Решение царя совпало в главном…
Но разошлось в частностях…
Если что может еще утишить волны, – это если новый Государь воцарится, присягнув конституции…. Михаил может присягнуть. Малолетний Алексей – нет… –
Если здесь есть юридическая неправильность… Если Государь не может отрекаться в пользу брата… Пусть будет неправильность. Может быть, этим выиграется время…
Все это, перебивая одно другое, пронеслось, как бывает в такие минуты… как будто не я думал, а кто-то другой за меня, более быстро соображающий…
Когда Государь вышел, генерал, который сидел в углу и который оказался Юрием Даниловым, подошел к Гучкову. Они были раньше знакомы.

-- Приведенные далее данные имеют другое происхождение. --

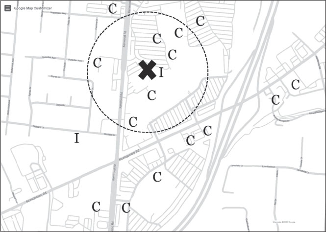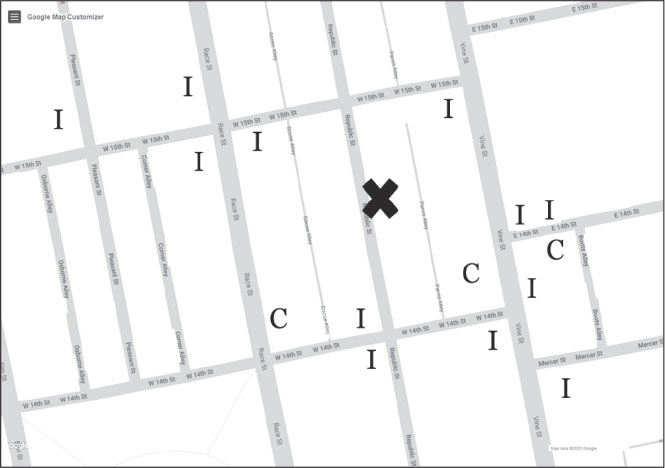 Теперь посмотрите на первое изображение на следующей странице. Новый ресторан отмечен крестиком (X), буквой C обозначены сетевые рестораны (chain), а буквой I – независимые (independent) местные закусочные. Какое предположение вы сделали бы на этот раз?
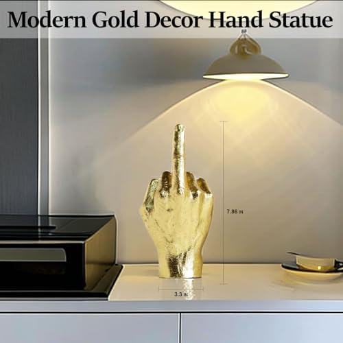 DECOUE Gold Decor, Gold Gesture Statues and Sculptures, Resin Gesture Hand Sculpture Finger Statues Classic Home Decor, Home Shelf Desk Decor Gifts for Familys & Friends – Middle Finger
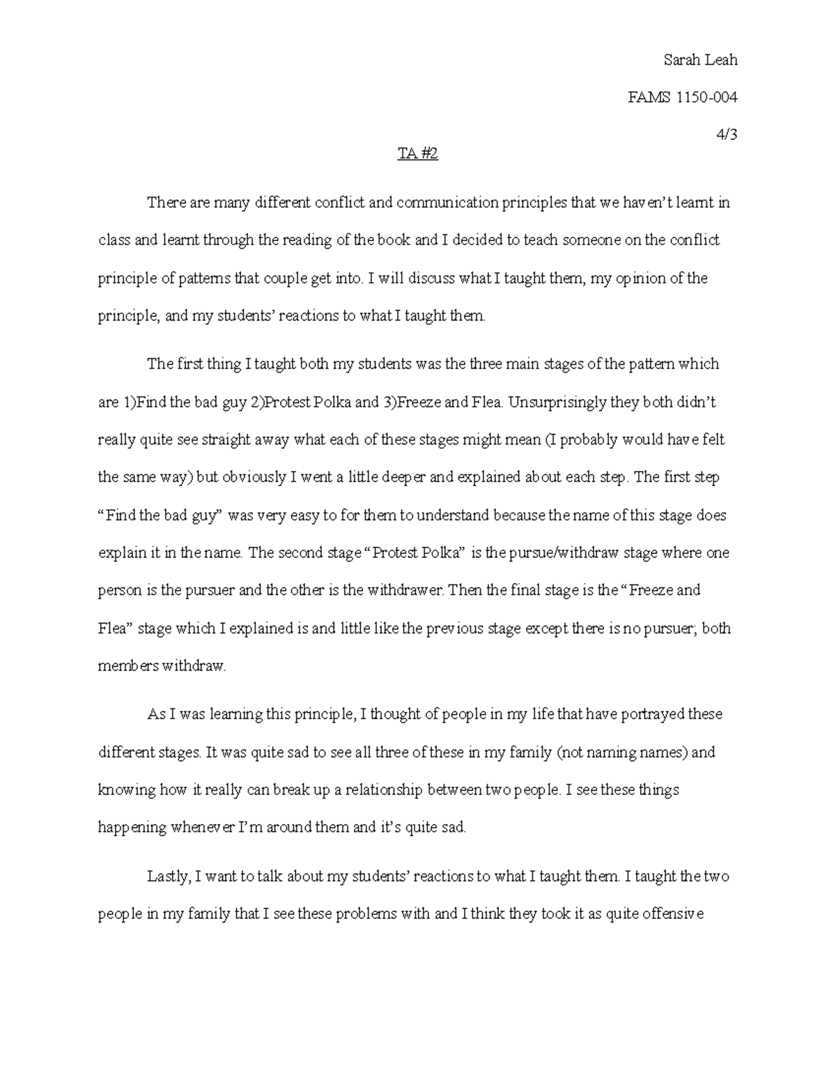 TA 2 TA 2 Sarah Leah FAMS 1150 4/ TA There are many different
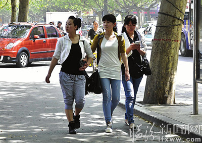 4月14日,我市最高气温飙至32℃,市民大呼“夏天来了!”,有不少人甚至穿上短袖T恤、短裤、丝袜。图为外出逛街的姑娘们身着春夏装。
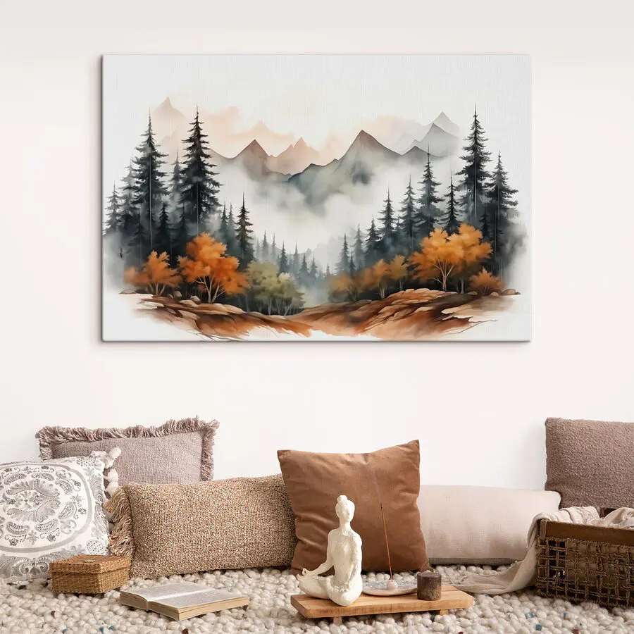 7772.06 Ft4274.63 FtVászonképek Akvarell festmény egy erdő és hegyek
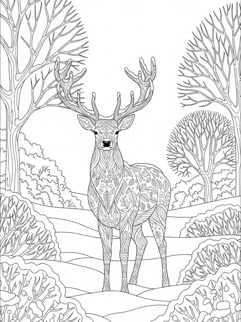 This beautiful coloring page features a magnificent stag standing proud and centered in a snow-dusted forest clearing. The absolute highlight is the stag itself, whose body is completely covered in stunning zentangle-style patterns featuring intricate leaves and flowing natural motifs. Its grand antlers are also filled with similar flowing designs, giving it a truly magical appearance. The background shows simple, sweeping lines for the snowy ground and several bare winter trees with delicate, fine branches creating a lovely frame for our noble centerpiece. The line work is generally clean, with higher detail concentrated solely on the deer.
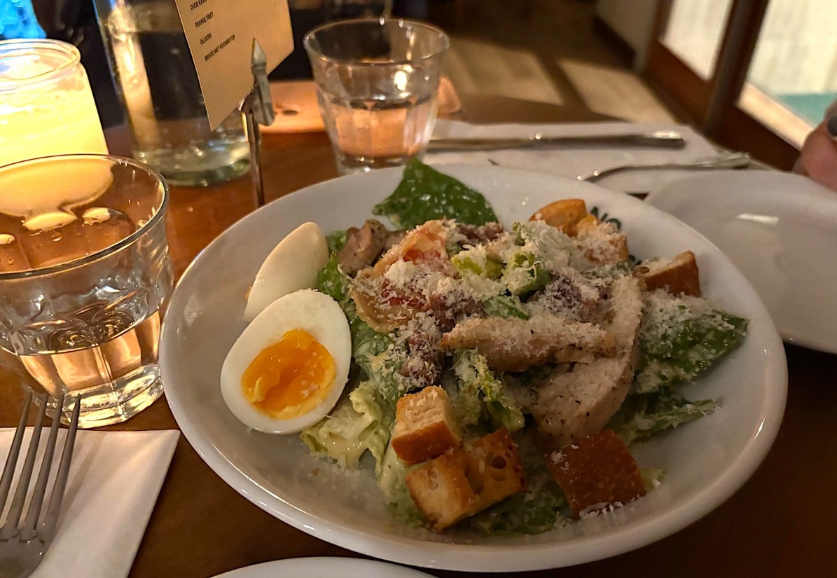 Na het eten van deze drie gerechten hadden we toch nog een klein beetje trek en kozen we ervoor om de caesarsalade, met gegrilde kip, te delen. Wijntechnisch, de kaart is ook vrij no nonsense, gingen we voor de volle en sappige primitivo, een allemansvriend bij de gerechten.
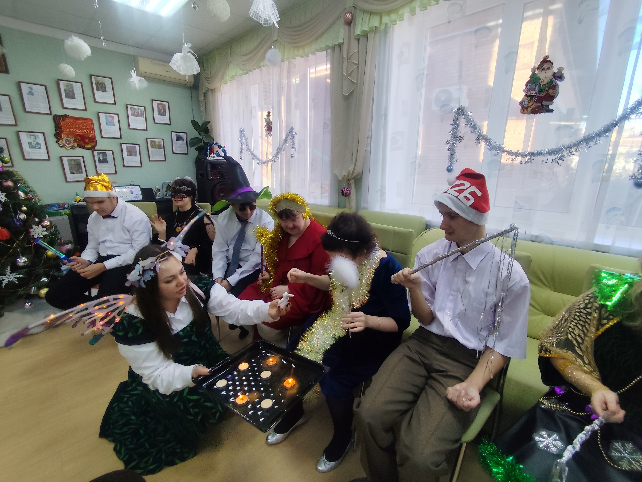 25.12.2025 в МБУ г. Шахты «ЦСО №1» состоялся «Новогодний карнавал чудес!» – инклюзивное праздничное мероприятие с участием приглашенных гостей, молодых инвалидов с ОВЗ и их родителей-опекунов.
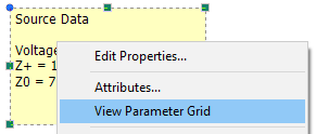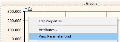 To populate the contents of the parameter grid, select an object, right-click and select View Parameter Grid. If a View Parameter Grid option is not available in the right-click context menu, then the object is not supported by the parameter grid.
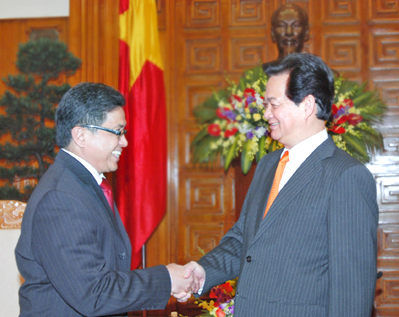 | นายกรัฐมนตรีเวียดนามNguyễn Tấn DũngและเอกอัครราชทูตอินโดนีเซียMayerfas (Photo:Internet) |

– Не вызовет ли отречение в пользу Михаила Александровича впоследствии крупных осложнений, в виду того что такой порядок не предусмотрен законом о престолонаследии?
Гучков, занятый разговором с бароном Фредериксом, познакомил генерала Данилова со мною, и я ответил на этот вопрос. И тут мне пришло в голову еще одно соображение, говорящее за отречение в пользу Михаила Александровича.
–Отречение в пользу Михаила Александровича не соответствует закону о престолонаследии. Но нельзя не видеть, что этот выход имеет при данных обстоятельствах серьезные удобства. Ибо если на престол взойдет малолетний Алексей, то придется решать очень трудный вопрос: останутся ли родители при нем или им придется разлучиться.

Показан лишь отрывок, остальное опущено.